Second representation of measured molecular positions obtained by FPALM. (A–C) Blue dots indicate the location of a single PA-GFP molecule, determined by FPALM, of the same acquisition series shown in Fig. 6. (D) After zooming in >30-fold from A to C, the positions are replotted as yellow dots surrounded by a blue disk, approximating the lateral extent of the observation PSF, to emphasize the difficulty one would have in resolving these molecules simultaneously by standard widefield microscopy.

FIGURE 8

FPALM image of an R-cut single-crystal wafer of sapphire annealed at high temperature to produce atomic terraces, labeled with PA-GFP. (A) The positions of PA-GFP molecules localized over a period of 500 s are plotted (blue points) and compared with an atomic force microscope (AFM) image (inset) of the same sample (not necessarily the same area). Atomic step dislocations spaced laterally by 200–630 nm are visible by both techniques, because the PA-GFP has localized to those dislocations upon drying. Scale bar (1 μm) applies to both the FPALM and the AFM images. Note the gradient in particle density across the dislocations shown by FPALM. The red dotted box corresponds to the profile in B. (B) Analysis of the profile of a dislocation.

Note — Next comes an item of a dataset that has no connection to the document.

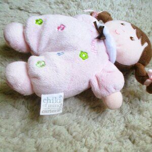 Child Of Mine By Carters My First Doll Plush Pink Embroidered Flowers 11"

The histogram of molecular positions (black points) as a function of distance perpendicular to the dislocation reveals the width of the feature as visualized by FPALM. Fitting the profile with a Gaussian (red line) yielded a 1/e² half-width of 73 ± 3 nm, and an FWHM of 86 ± 4 nm.

FIGURE 9

Additional information, not available to ensemble fluorescence microscopy methods that image large numbers of molecules (≫100) simultaneously, is obtained by FPALM. (A) The number of molecules fluctuates and decays with time as FPALM frames are acquired. The number of fluorescent molecules within the observation volume in a widefield or confocal fluorescence microscope is difficult to determine without a calibration standard, but is obtained for every image in FPALM. A single exponential time constant (τ = 125 ± 3 s) described the decay of the number of molecules observed, consistent with depletion of a single reservoir of inactivated PA-GFP molecules. (B) The distribution of single-molecule fluorescence intensities is determined by FPALM and converted into the detected photon count rate at the center of the diffraction-limited image of the molecule. All amplitudes had a constant subtracted to account for background. Such information is useful in determining the degree of heterogeneity within a population of molecules and is typically difficult to obtain from measurements that sample large numbers of molecules simultaneously.